Page 26 of The Tangled Lands

“This is your last full day,” he said. “It needs to be done by tonight. My father will be here in the next morning.”

  “Then I have work to do.” I pushed him back out.

  “It is my right,” he said. “It is mine to look at.”

  “If you want it done by tomorrow, then do not cross the threshold,” I hissed. “Do not interrupt my work or it will take longer. Come in, and I will stop work.”

  Savar stepped back, but prowled around the threshold anxiously. I thought about it. He knew he couldn’t use magic. But he knew he would be following his father into a fight of some kind tomorrow night.

  He wanted his armor.

  “I will leave the door open, though, so you can stare as much as you’d like.” He could watch me sweat as I hammered shapes out on the anvil.

  “Your parents do not have forever,” he said coldly as he backed away. “Do not delay me what is mine.”

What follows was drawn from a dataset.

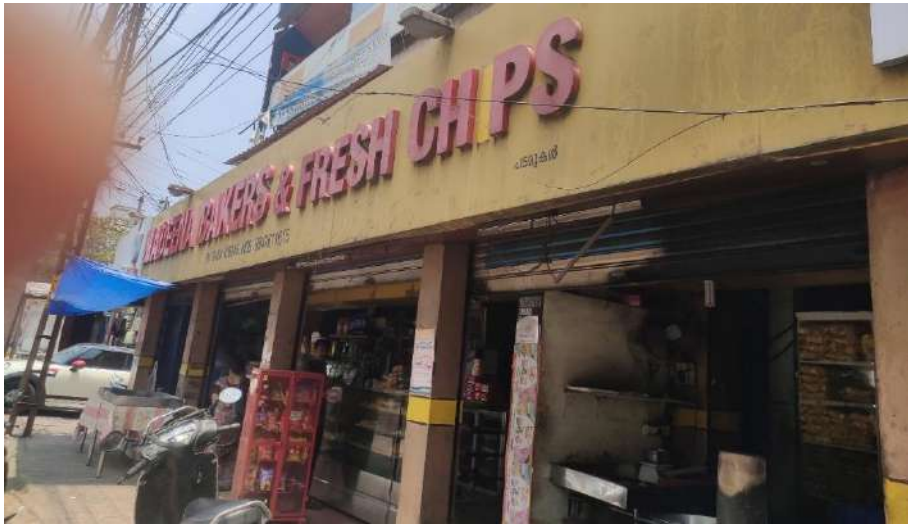
പടമുകൾ സ്റ്റേഷനുവേണ്ടി ഏറ്റെടുക്കപ്പെടുന്ന ഇരുനിലകെട്ടിടം

  Servants waited outside with a palanquin for him. Savar avoided the rising morning sun for the next hour by sitting inside its shade on comfortable tasseled cushions, sipping teas and making my stomach growl as he had sweet meats delivered fresh from the markets by men he would whisper to, then dismiss with a flick of his wrist.

  I could not remember when I’d last eaten.

  Savar would stare at me as I paused for a drink, or pushed the sleeves of my tunic up. I knew that, once the sweat began to drip down my arms, chest, and sides, the tunic stuck to me in a way passing men found hard to ignore.

  Let him stare, I thought as I shaped the metal. As long as he didn’t get inside to look behind the armor. Or see the supplies I had packed away under the tool trays throughout the forge.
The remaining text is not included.